Like everyone, I’ve viewed videos of the horrible scenes at the airport in Kabul, Afghanistan. Was there no way to avoid this calamity as the Western forces withdraw and the Taliban re-establishes its sharia rule of law?
I’m reminded of what it might have been like for the East Prussian refugees clambering to board ships in the Baltic ports like Balitysk (once Pillau) and Gdynia (once Gotenhafen) under Operation Hannibal. That could have been avoided if the Nazis had only admitted defeat a few months sooner.
The desperation and fear of the Taliban, both men and women, is comparable to the desperation and fear that the German civilians had of the Soviet surge.
|Bundesarchiv, Bild 146-1972-092-05 / CC-BY-SA 3.0|
Back in '45, women and children lost track of each other in the mayhem at the harbours. They had trekked to the coast to try and board ships to the relative safety of northern Germany. They tried desperately to avoid the revenge-seeking Red Army. Winter conditions were miserable. Yet the ships, like the ill-fated Wilhelm Gustloff and the von Steuben, offered only temporary refuge . . . torpedoed hours later on the icy Baltic. More than ten thousand, mostly women and children, drowned.

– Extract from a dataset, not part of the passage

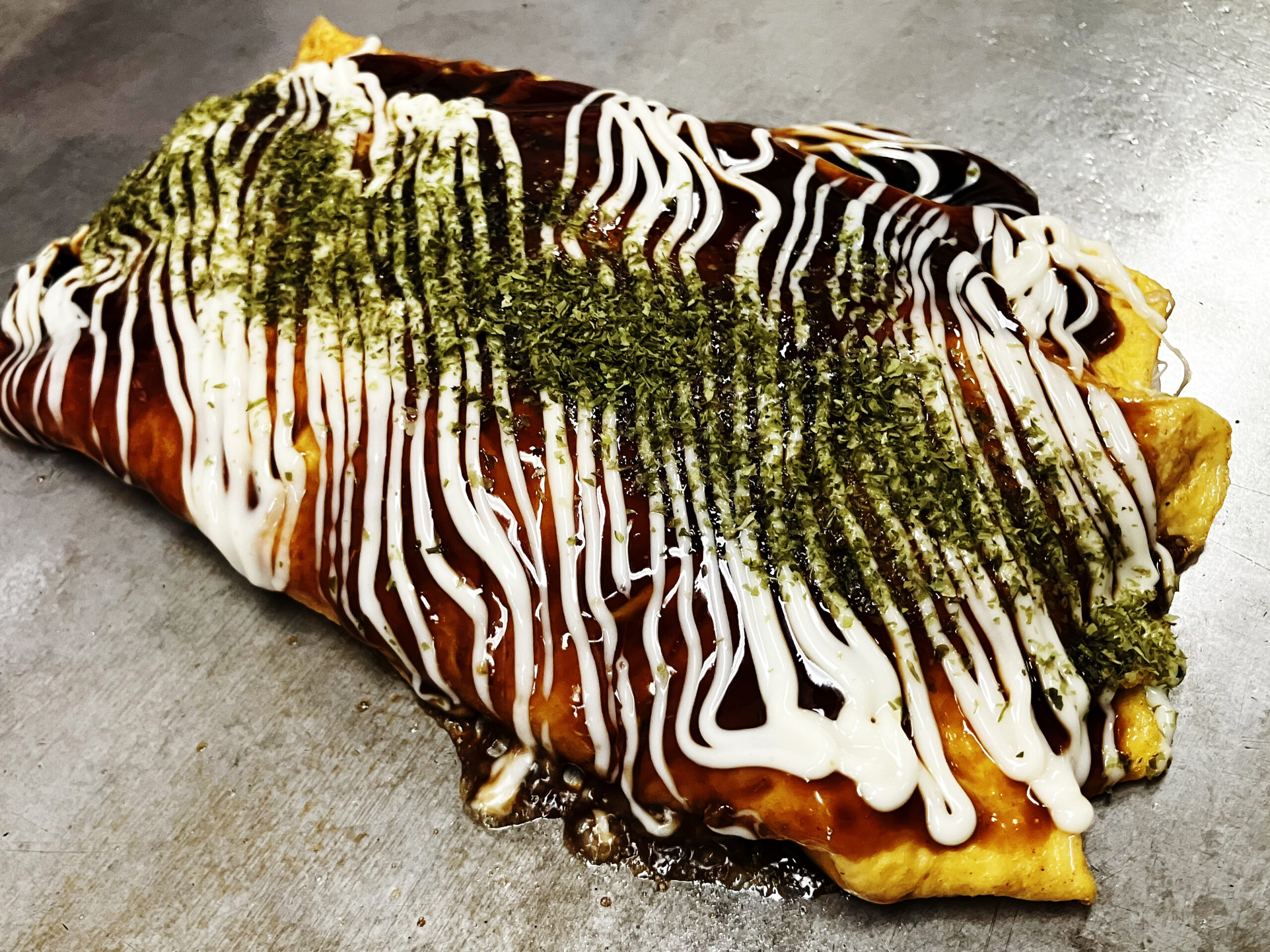 看板メニューのお好み焼きは、外はカリッと中はふんわり。甘みとシャキシャキ感が絶妙です。

In the news report I watched this week with the desperate Afghans clinging to loading ramps at the Kabul airport, I could only see men and wondered what had happened to the women and children.
Being a refugee, today from Afghanistan, a few years back from Syria, or back in 1945 from the Soviet Army is something I’ve been lucky enough to avoid. But the word refugee or ‘Flüchtling’ in German is a word I’ve been all too familiar with. It was a label describing my own mom in the church community where I was raised and it continues to resonate with me—evoking feelings of loss, despair and poverty.
I wish today’s refugees and their children Godspeed, but they will carry the impact of this crisis with them throughout their lives. If they’re lucky, their homelessness will be temporary, but their sense of self will probably be forever damaged. Being a refugee is life-changing.